チェスはその後、機械に落ちた。電卓も、翻訳も、いまや文章生成の相当部分も機械に落ちつつある。しかし一歳児が無造作にできること——コップを掴む、紐をほどく、洗濯物を畳む——は、2026年になっても機械にとって難所であり続けている。Sanctuary AIが賭けているのは、この40年間ほとんど動いていない一点である。

全身を作る夢から、手一本の商売へ

Sanctuary Cognitive Systems Corporationは2018年、バンクーバーで創業した。当初の看板は「世界初の人間のような汎用知能を持つロボット」という、身体全体を対象にした壮大なものだった(*4)。
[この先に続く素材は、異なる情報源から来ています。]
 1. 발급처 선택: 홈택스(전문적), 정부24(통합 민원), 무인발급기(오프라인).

2023年5月に発表した第6世代ロボットPhoenixは、身長5フィート7インチ、重量155ポンド、最大可搬55ポンド、最高速度3mph、20自由度のハンドという、全身のスペックを揃えた製品だった(*5)

項目内容確度
正式社名Sanctuary Cognitive Systems Corporationconfirmed
創業2018年、カナダ・バンクーバーconfirmed
現CEODaniel Friedmann(2026年就任、前任はJames Wells)confirmed
共同創業者・関連人物Olivia Norton(CTO)、Ajay Agrawal、Geordie Rose(元CEO)confirmed
累計調達額1.4億米ドル超(2024年発表時点)confirmed

だが第7世代、第8世代と代を重ねるうちに、公式発表の重心は静かに動いていく。第7世代では稼働率・視覚認識・触覚・可動域が改善され、新規タスクの自動化に要する時間が「数週間」から「24時間未満」へ短縮されたと発表された(*6)。第8世代では車輪ベースの構成が採用され、データ取得の質そのものが目的化した(*7)
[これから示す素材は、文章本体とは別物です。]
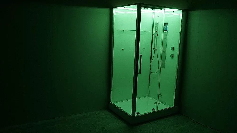 Стеклянная крыша. Тропический душ из нержавеющей стали.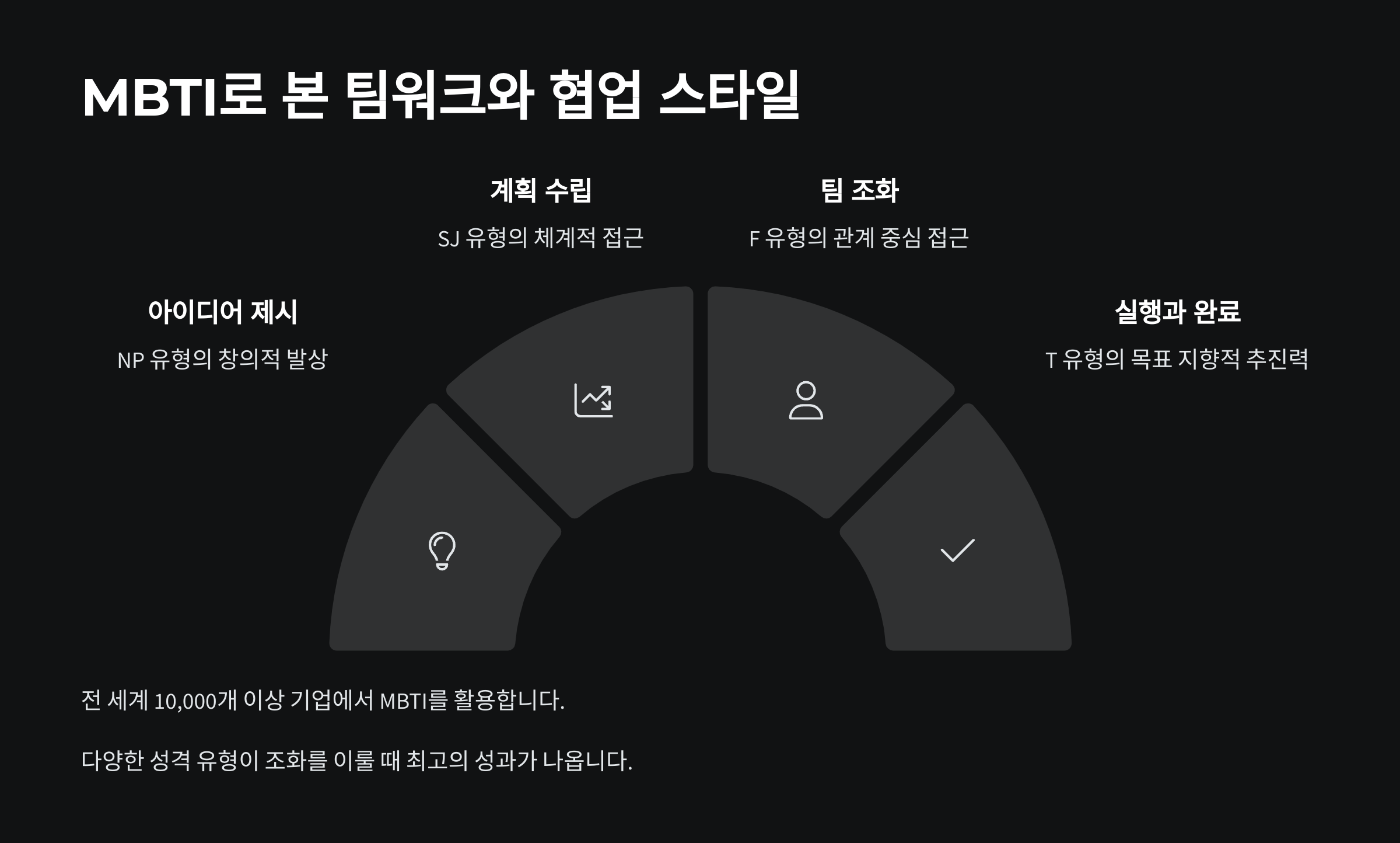 실제 팀 프로젝트에서는 MBTI를 기반으로 역할을 나누면 효율성이 올라가요. 예를 들어, ENTP는 아이디어 브레인스토밍에 적합하고, ISFJ는 꼼꼼하게 실무를 챙기는 역할에 잘 맞아요. 성향에 따라 일의 종류를 맞추면 시너지가 발생하죠. 🚀

そして2026年、公式ソリューションページは二足ヒューマノイドを将来構成へと格下げし、既存の産業用ロボットアーム(FANUC、Universal Robots)へ自社のAIを実装する取り組みを「Now Deploying」と位置づけた(*8)。これは撤退ではない。二足歩行という難問を後回しにし、Moravecが名指しした一点——掴む、挿す、操る——にリソースを絞り込む選択である。

製品・構成公開スペック・特徴確度
Phoenix 第6世代(2023)身長5フィート7インチ、体重155ポンド、可搬55ポンド、時速3マイル、20自由度ハンドconfirmed
Phoenix 第7世代稼働率・視覚・触覚・可動域を改善、新タスク自動化を24時間未満に短縮confirmed
Phoenix 第8世代車輪ベース、データ取得特化、視野・センサー・BOM改善confirmed
Carbon記号推論・LLM・強化学習・シミュレーション・テレオペ・フリート管理を統合する制御基盤confirmed
Physical AI-enabled automationFANUC/Universal Robots等の既存アームへAIを実装、ワイヤーハーネス挿入で成功率99.5%超・2.54秒/プラグconfirmed
独自油圧ハンド17自由度設計(現行の産業向け)、統合触覚、低圧・自動故障保護confirmed

自由度の数字は資料によって揺れる。第6世代Phoenixは20自由度、2024年頃のin-hand manipulationのデモでは21自由度、現行の産業向けハンド紹介ページでは17自由度と記載されている。これは矛盾というより、汎用ヒューマノイド用のハンドと、産業アーム向けに新設計されたハンドという、異なる商品ラインが並走している証拠と見るのが妥当である。

Hand Degrees of Freedom by Product Line

触れて、感じて、掴む

Sanctuary AIの手が採用する駆動方式は油圧である。ミニチュア油圧バルブを2億回以上作動させても、漏れや劣化の兆候はなかったと同社は発表している(*9)

油圧は目新しい技術ではない。世界初の産業用ロボットとされるUnimateは、1961年にゼネラルモーターズの工場でダイキャスト部品を運搬・溶接する仕事に就いた際、油圧で駆動する5自由度のアームだった(*10)。その後、産業用ロボットの主流は電動サーボモーターへ移り、油圧は制御性で劣る旧世代の技術として扱われてきた。Sanctuary AIが手にだけ油圧を採用し直しているのは、出力密度と衝撃耐性が指先の微妙な力加減に向くという技術的判断であり、懐古趣味ではない。それでも、65年前に工場へ最初に足を踏み入れたロボットの血が、いまも手の中に流れているという事実は動かない。

触覚面では、Tangible Researchの買収とGiant AIからのIP取得が中核にある。同社は、触覚が視覚を遮られた状態でのブラインドピッキング、滑り検出、過大な力の抑制を可能にし、より豊かな行動データをAIモデルへ供給すると説明している(*11)。この手を支えるサプライチェーンには、Cycorp(記号推論の排他ライセンス)、Apptronik(初期の身体設計協業)、Common Sense Machines(3Dアセット・世界モデル)、Contoro(高精度テレオペ)、HaptX(触覚グローブ)、Exonetik(アクチュエータ)が並び、Bell・VerizonのネットワークとNVIDIA Isaac Labのシミュレーションがそれを取り巻く(*4)。全身のヒューマノイドを支えるはずだった提携網が、いまは手一本の精度を支えている。

カナダという、腕の国

資金面では、政府と自動車産業がSanctuary AIを支えてきた。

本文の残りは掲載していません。